Them hills ain't scary, until you add a foot of snow:






I haven't put the chains on the tractor in over 2 years, might be something to do with the new Firestone tires, but I had to abandon the trailer behind the ATV one day, and it was the tractor to the rescue:






If I can't get the tractor between the trees, then the ATV gets used, otherwise it's tractor city here. I realize that quite a few members on here refer to an overgrown lawn mower as a "tractor", and they work quite nicely in a lot of situations, but a real farm tractor, with an 80" + tread width, will climb anywhere a mountain goat will, and come back with a heck of a lot more than any ATV, Gators and Rangers included.
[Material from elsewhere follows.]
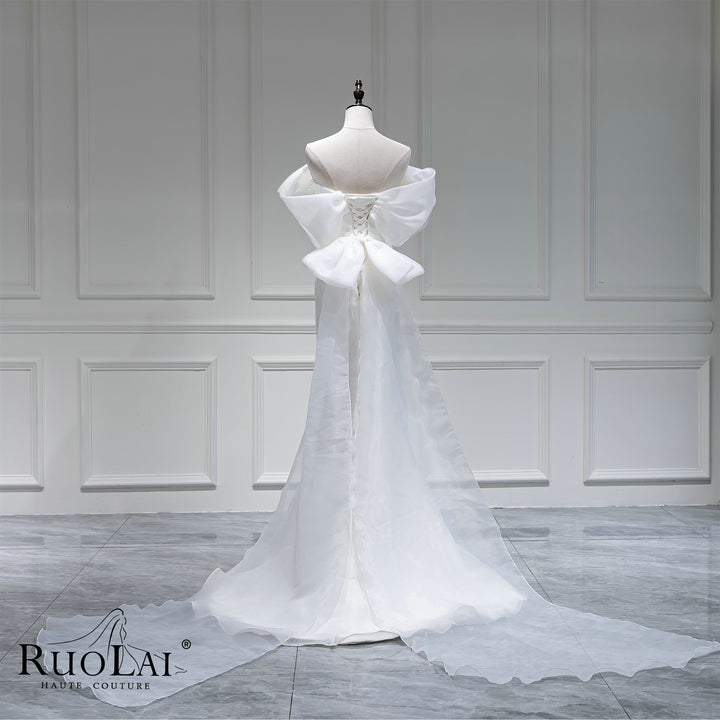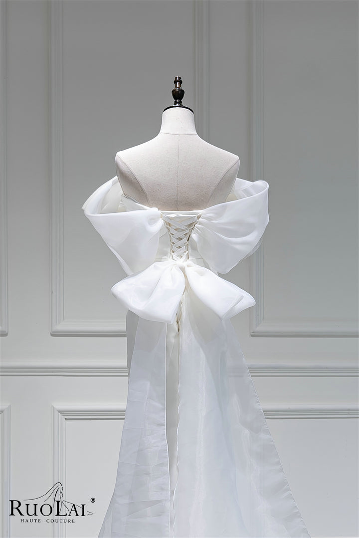 Classic Strapless Satin Wedding Gown For Bride A-line Off The Shoulder Zipper Bow Back Sleeveless Bridal Gown

I have a MFWD tractor on the wish list, but the old Massey with the differential locked in will get anywhere I need to go, it just might take a couple trys.

Don't get me wrong, I love the ATV, it just isn't and never will be a tractor.


----------



## A.E. Metal Werx (Aug 30, 2009)

if only pics could really show how things are. one of the hills we have the red atv has rolled on.. wont be going up that again. i guess its not all just the hills but how tight it is and how rough the terrain is on the hills. i could see a skidder geting around but not much of anything elce


----------



## Steve NW WI (Aug 30, 2009)

mx_racer428 said:


> if only pics could really show how things are. one of the hills we have the red atv has rolled on.. wont be going up that again. i guess its not all just the hills but how tight it is and how rough the terrain is on the hills. i could see a skidder geting around but not much of anything elce



Heck, you're in Iowa, if I go to southern Wisconsin and look west, I can see Nebraska!

Just kidding of course, I've seen a lot of steep terrain in NE IA by the river, and yours looks it. But my land has hills that make the guys that rent it with 4wd 400hp tractors curse it, and we farmed it for many years with a 60hp 2wd, technique has a lot to do with it.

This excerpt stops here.